((

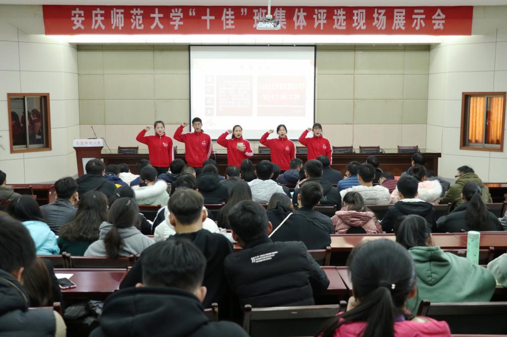 “尊敬的各位老师,亲爱的同学们,大家下午好。我是来自6165金沙总站官方入口2017级思想政治教育(2)班的姚雪,很荣幸为大家做现场汇报。”12月20日,6165金沙总站官方入口2017级思想政治教育(2)班代表学院参加了安庆师范大学2018年“十佳”班集体评选现场展示会。
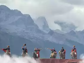 • “Tea Horse Road” Scene: Showcases the ancient tea trade route with horses and performers crossing the stage, highlighting Lijiang’s history as a trading hub.
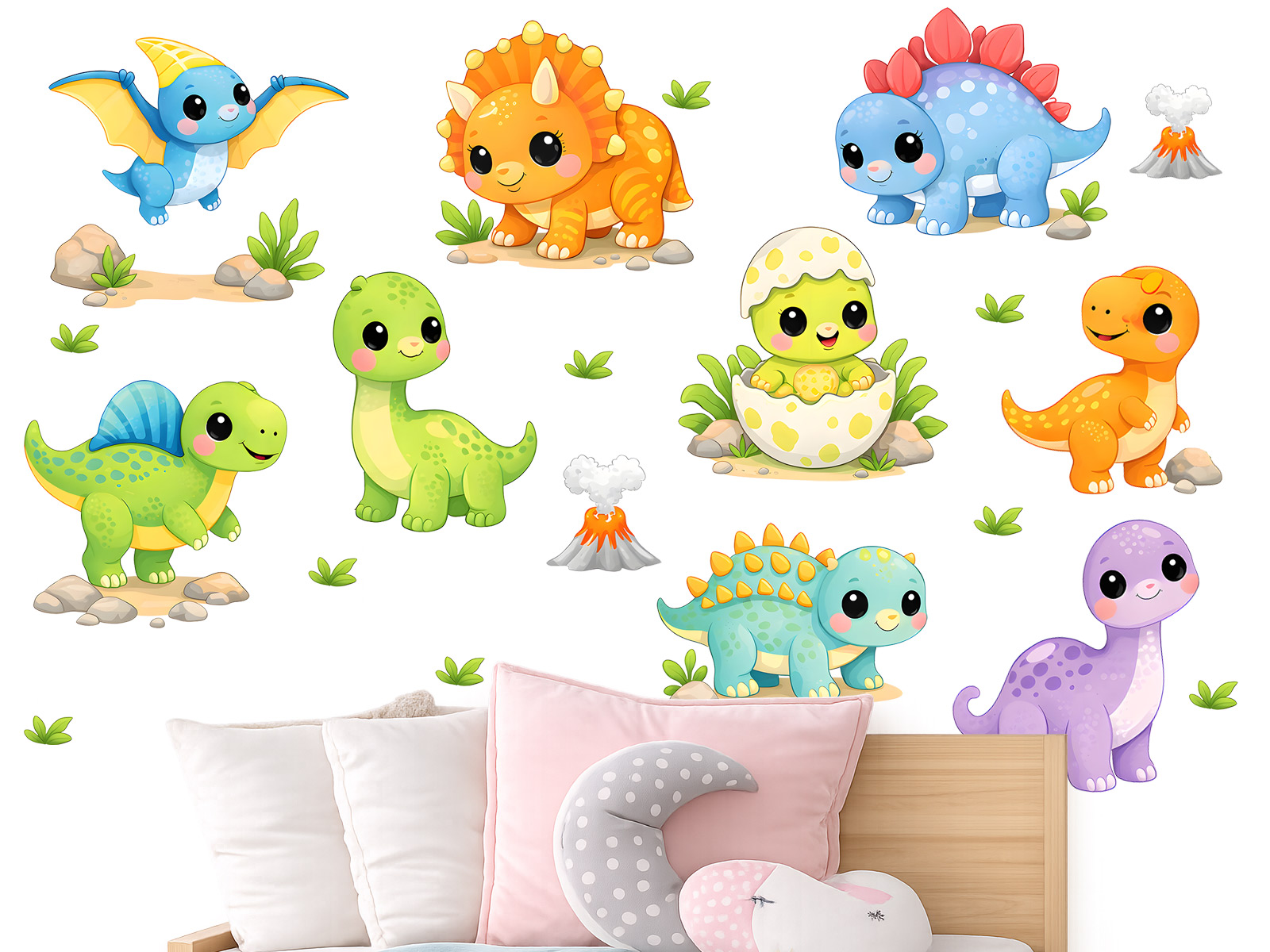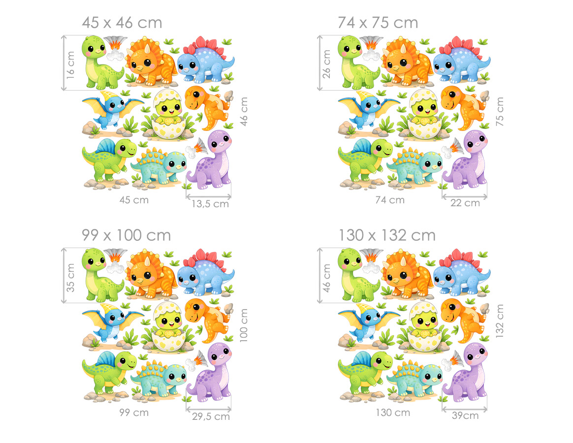 Samolepky na zeď Dino dinosauři přenesou děti do veselého světa prehistorických dobrodružství. Roztomilé ilustrace malých dinosaurů v pestrých barvách vytvářejí hravou scénu, která okamžitě oživí dětský pokoj a podnítí dětskou fantazii. Motiv obsahuje několik druhů dinosaurů – například triceratopse, brachiosaura, stegosaury nebo malého pterodaktyla. Nechybí ani právě vylíhlé dinosauří mládě ve vajíčku. Celou scénu doplňují drobné detaily, jako jsou kamínky, rostliny nebo malé sopky, které dodávají dekoraci dobrodružnou atmosféru dávných časů. Barevní dinosauři působí mile a přátelsky, takže jsou ideální dekorací do dětského pokoje, herního koutku nebo pokoje pro malé milovníky dinosaurů. Rozmístěním jednotlivých motivů si můžete vytvořit vlastní dinosauří krajinu plnou fantazie a veselých příběhů.
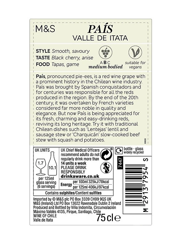 PaΓs, pronounced pie-ees, is a red wine grape with a prominent history in the Chilean wine industry. PaΓs was brought by Spanish conquistadors and for centuries was responsible for all the reds produced in the region. At the turn of the 21st century, it was overtaken by French varieties considered far more noble in quality and elegance. But now PaΓs is being appreciated for its fresh, charming and easy-drinking reds, reviving its long heritage. Try it with traditional Chilean dishes such as ‘Lentejas’ lentil and sausage stew or ‘CharquicΓ‘n’ slow-cooked beef stew with squash and potatoes.
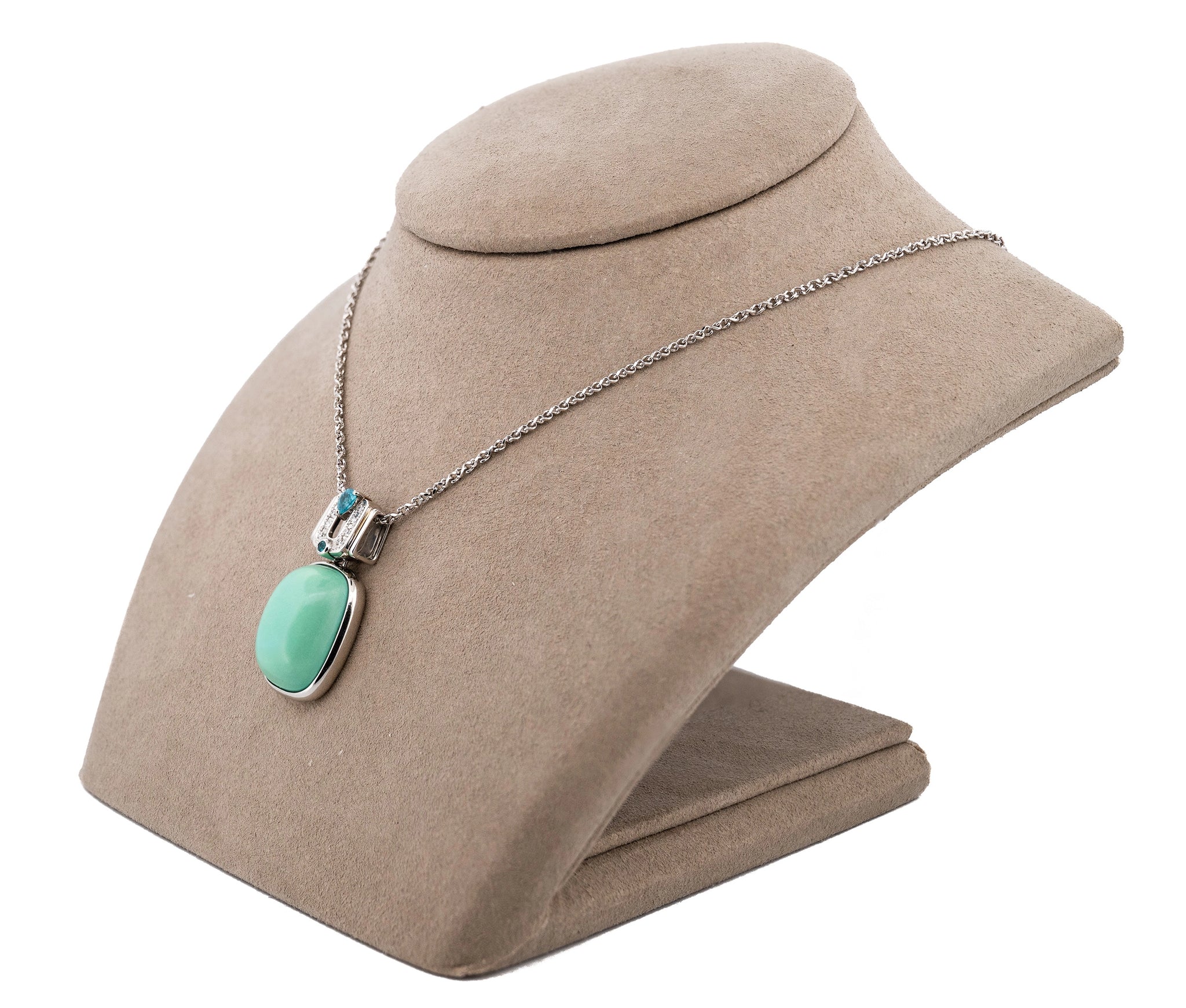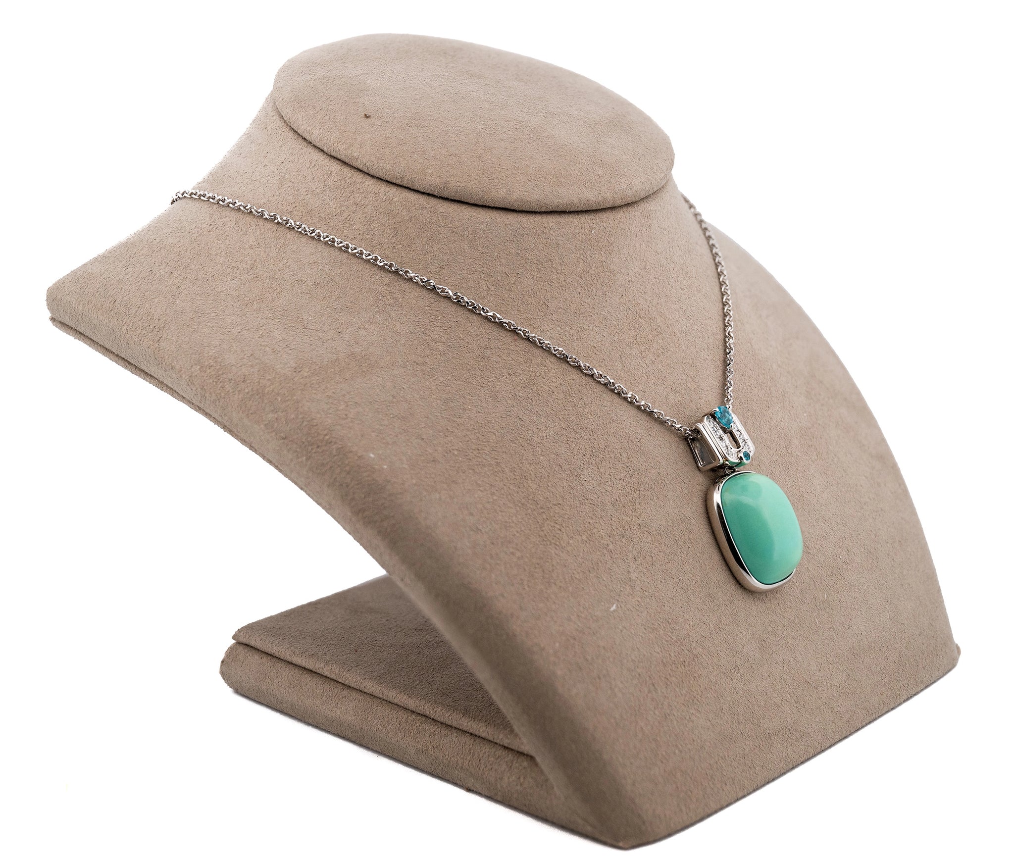 18K White Gold & Platinum Turquoise, Tourmaline, & Diamond Pendant Necklace
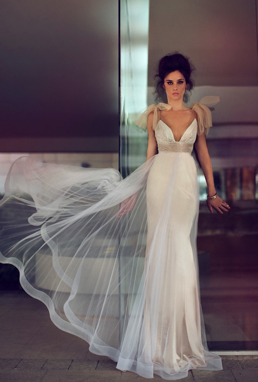 Zahavit Tshuba's bridal gowns are delicately made with beautiful sheer fabrics, lace and crystal. The line is inspired by the designers lifestyle and experiences. The collection has old Hollywood glamour but with a modern twist.

))

### TASK GOAL
Leave the pictures out and retype only the lines from the line with "18K White Gold" through the final line of the material, both ends included, word for word.

### TASK SOLUTION
 18K White Gold & Platinum Turquoise, Tourmaline, & Diamond Pendant Necklace
 Zahavit Tshuba's bridal gowns are delicately made with beautiful sheer fabrics, lace and crystal. The line is inspired by the designers lifestyle and experiences. The collection has old Hollywood glamour but with a modern twist.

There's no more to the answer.